Please don't let him think that this was contrived, please. It possibly didn't aid the situation any that she had a dreamy, carnal look in her eyes and a black velvet suit that would give a prude an aneurysm. It didn't help that she was on the verge of knocking down the door and systematically ripping his clothes off with her teeth.

The door opened, revealing Vincent, disheveled and restless looking, his skinny fingers holding his pajama shirt closed, and his metal arm as sound an anchor to reality as ever. How dreadfully unplanned, the little thoughts needled through her head, but sensual nonetheless.

"Yuffie?" He was surprised. Good. She wanted to surprise him. The ninja stared at the floor innocently, and then worked her stare over every inch of his body. He looked at her in weak-kneed puzzlement. 'Yuffie?' his look seemed to suggest.
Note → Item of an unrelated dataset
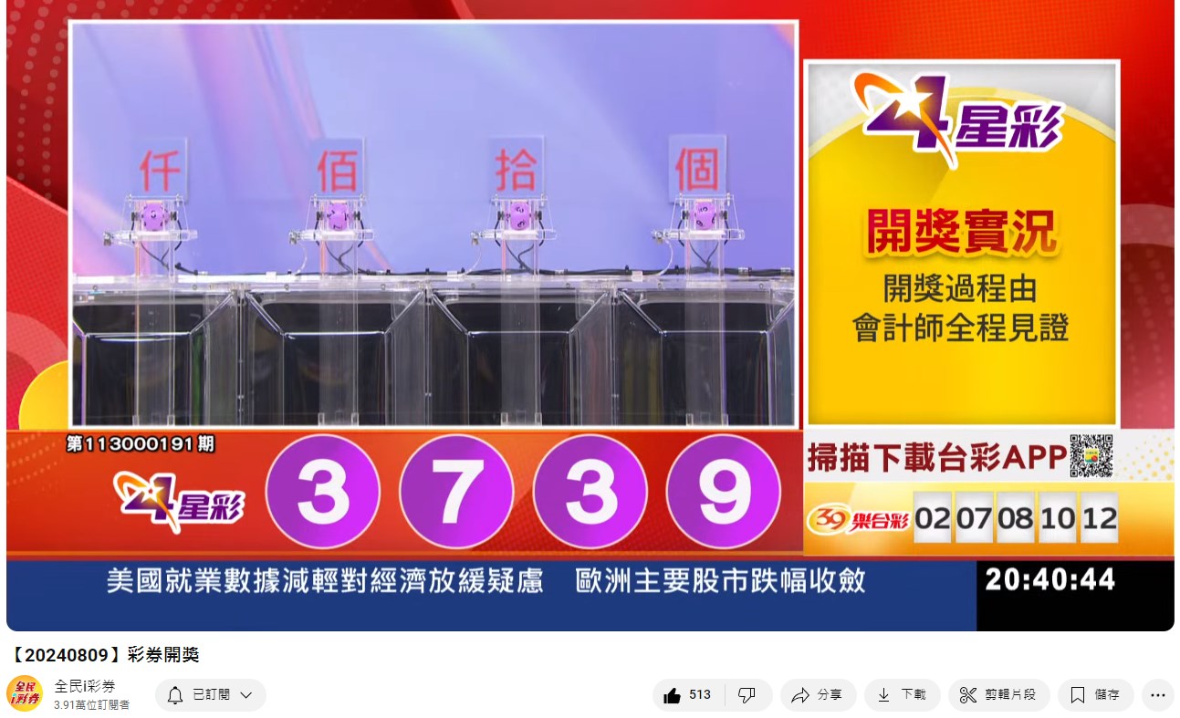 113年08月08日即時開獎 來自全民i彩券YT [三立LIVE新聞][8月09日重播]

It struck him as odd that she should be concupiscent, libidinous—his devilish, child-like little Yuffie; decked out in a costume that he probably should have died to see Lucrecia in. He stirred his gaze a little, averting his eyes from the locks of dark hair slinking across her smooth and narrow neck as she watched in anticipation. What kind of stupid call does one make dressed in that style of cloak? Did she raid a ballroom for screen actresses for its procurement?

The petit ninja had found a way to make her presence very difficult for him indeed, and Vincent felt the pangs of an incipient but steadily increasing headache. He could vaguely see misdemeanor charges for petty theft being brought against her in the next few hours.

"It's…two in the morning." He stated, a last-ditch effort to make the situation awkward. Yuffie continued to watch him in utter silence, her eyes meeting his seductively. Wearily, Vincent sighed and, giving into the pressure, he swung the door from ajar to open.

Vincent stared at Yuffie implicitly, not fully wanting to reveal understanding of what she was getting at, but certainly disliking it. He released his hold on the buttons, not in the least at ease with his visitor but certainly feeling less ashamed in light of the recent events. She would see the medication, and there was no use holding her back. If Yuffie wanted to know something, she usually acquired the details liberally.

"Don't tell me you're looking for Tupperware this late." He gimmicked. The ninja, in her raven outfit, smirked and floated into his messy apartment like a summer breeze (that is, if he had a window that wasn't rusted shut). Vincent, like most males, had at least some imperceptible weakness when around Yuffie. He often chalked it up to her four-point shuriken and skills as a student of the ninja arts versus his flimsily skinny, mostly organic person.

"Hmm. Nice place. Sort of homey." She observed silkily, rustling past his drawers and heading directly toward his rustic bed. The green plaid comforter was still pulled back. Vincent made a mental note to straighten up the next time he allowed someone into his room, and, as Cloud often put it, it would probably take parboiling to soften his disorganized habits. Welcoming thought of Cloud, their hyper-charged, somewhat taciturn, leader, he put Yuffie out of his mind for the time being... and graciously, too. The dainty ninja looked electrifying in black—he yearned for the muddled thoughts to be the gin he had imbibed.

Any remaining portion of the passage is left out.